Run the test suite twice — baseline first, patched second — and gate the agent PR on the diff, not the absolute pass rate.

Baseline-aware test evaluation is a differential-testing gate for agent-generated patches: a regression is observable only as a change between baseline and patched runs, so the test gate compares two runs rather than judging one. Phoenix wires this gate behind a six-agent issue-to-PR pipeline (Planner, Reproducer, Coder, Tester, Failure Analyst, PR Agent) coordinated by a label-based GitHub webhook state machine (Koech et al., 2026).

When This Pattern Applies

The pattern's headline result — Phoenix's zero pass-to-pass regressions on a 24-instance SWE-bench Lite subset and 100% correctness preservation across a 42-issue real-world pilot (Koech et al., 2026) — only holds when three preconditions are met. Lead with these; the guarantee collapses when any one fails.

  1. The test suite already catches semantic errors. On SWE-bench, 7.8% of test-passing patches fail the developer-written test suite outright and 29.6% induce behavioral divergence from the ground-truth patch (Aleithan et al., 2025); after adversarial test strengthening, 19.71% of previously-passing patches are rejected (SWE-ABS, 2026). A pass-to-pass guarantee on a weak suite is a probabilistic filter, not a correctness signal.
  2. Planner localization is solved or sidestepped. The Phoenix authors acknowledge that roughly half of generated PRs place code at incorrect paths — a planner localization limitation they address through retrieval enhancement (Koech et al., 2026). Baseline-aware tests cannot detect a misplaced patch whose tests pass for the wrong reason.
  3. The CI baseline is deterministic. Differential testing depends on a stable reference. Flaky tests — network races, timing-sensitive integration suites, container ordering — corrupt the baseline and either mask regressions (false negative) or block valid patches (false positive).

When any of these fails, the simpler architecture (one capable agent plus a CI gate at the end) captures the same value with fewer moving parts.

The Mechanism

A regression is, by definition, a test that changes from passing to failing. Running the suite once against the patched tree tells you which tests pass after the patch. Running it twice — baseline, then patched — tells you which tests changed between the two runs. Pre-existing failures are filtered out before the patch is judged, which eliminates two specific false signals:

  • The "I broke something I didn't" false positive — an agent sees a red test in CI, attributes it to its own patch, and either reverts or opens a doomed remediation loop. The baseline run shows the test was already red.
  • The "all green, ship it" false-green — the suite was green only because the test exercising the new behavior didn't exist yet. The reproducer step requires that the failing test be present in the baseline before the patch is judged (Koech et al., 2026).

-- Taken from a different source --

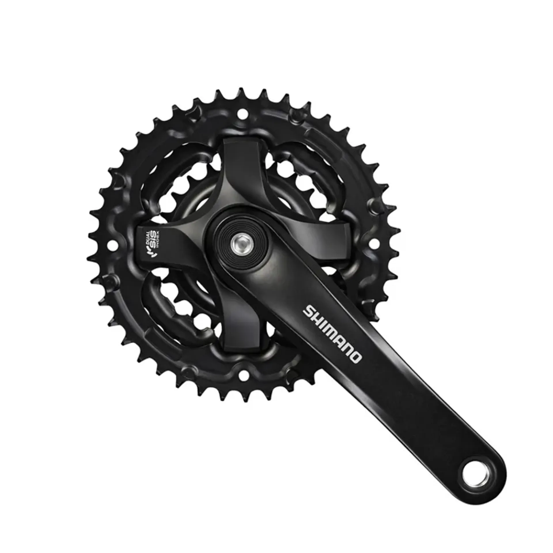 The SHIMANO TOURNEY TY crank delivers reliable, precise DUAL SIS shifting.
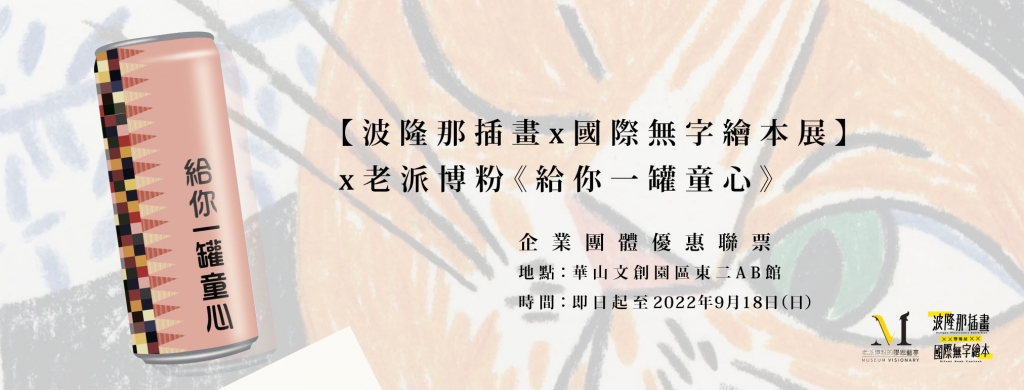 炎炎夏日,想造訪「波隆那插畫與國際無字繪本雙聯展」,並且來罐清涼解渴的童心飲料嗎?趕快揪親朋好友一起參加《給你一罐童心》的揪團活動,或是購買企業團體優惠聯票吧~

This is differential testing applied to the agent's own changes, the same primitive PatchDiff uses adversarially to expose semantic divergence between agent and developer patches (Aleithan et al., 2025). The multi-agent layering complements it by separating concerns: the Reproducer confirms the bug exists in baseline; the Tester confirms the patch lands without regression. Failures become attributable to one role rather than tangled into a single prompt.

How the Gate Sits in the Pipeline

graph TD
    A[Issue + failing test] --> B[Reproducer]
    B -->|Confirms baseline red| C[Coder]
    C --> D[Tester]
    D --> E{Baseline run}
    E --> F{Patched run}
    F --> G{Diff: pass-to-fail?}
    G -->|Yes| H[Failure Analyst]
    H --> C
    G -->|No| I[PR Agent opens draft PR]

The Reproducer establishes that the failing test exists in the baseline — without this step, the gate cannot distinguish "the agent fixed it" from "the test was always green." The Tester runs the suite twice and compares pass sets, not pass counts. Anything that flips from pass to fail is a regression; the PR is blocked and the Failure Analyst feeds back to the Coder (Koech et al., 2026).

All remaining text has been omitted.